What is required: Would you please transcribe the listing exactly, with no images?

Dataset content Block Start

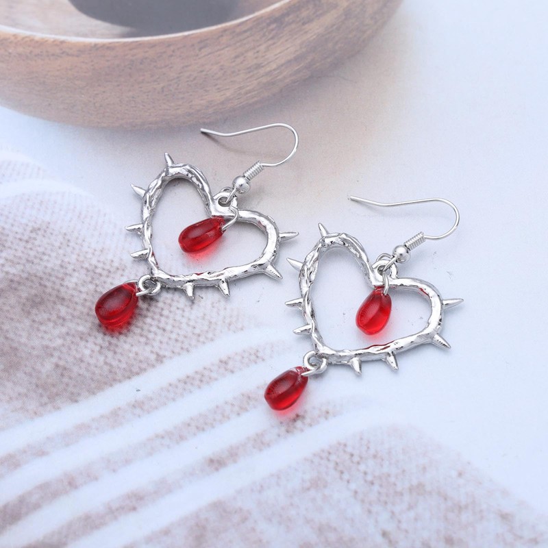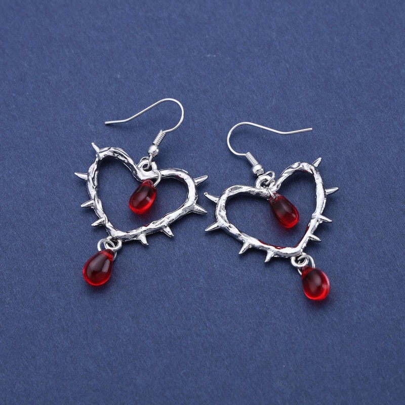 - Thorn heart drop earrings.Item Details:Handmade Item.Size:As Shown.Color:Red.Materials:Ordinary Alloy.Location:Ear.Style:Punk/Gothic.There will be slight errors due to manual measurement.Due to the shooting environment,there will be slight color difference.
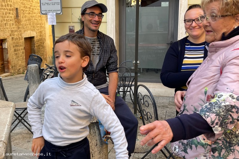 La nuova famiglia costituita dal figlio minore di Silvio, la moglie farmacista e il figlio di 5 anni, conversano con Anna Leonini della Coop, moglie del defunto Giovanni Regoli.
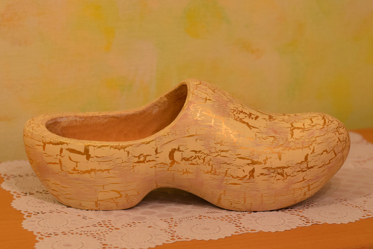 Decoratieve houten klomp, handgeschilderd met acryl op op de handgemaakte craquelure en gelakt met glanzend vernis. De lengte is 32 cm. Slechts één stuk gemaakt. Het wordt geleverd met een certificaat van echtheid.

Dataset content Block End

Output for this exercise:
 - Thorn heart drop earrings.Item Details:Handmade Item.Size:As Shown.Color:Red.Materials:Ordinary Alloy.Location:Ear.Style:Punk/Gothic.There will be slight errors due to manual measurement.Due to the shooting environment,there will be slight color difference.
 La nuova famiglia costituita dal figlio minore di Silvio, la moglie farmacista e il figlio di 5 anni, conversano con Anna Leonini della Coop, moglie del defunto Giovanni Regoli.
 Decoratieve houten klomp, handgeschilderd met acryl op op de handgemaakte craquelure en gelakt met glanzend vernis. De lengte is 32 cm. Slechts één stuk gemaakt. Het wordt geleverd met een certificaat van echtheid.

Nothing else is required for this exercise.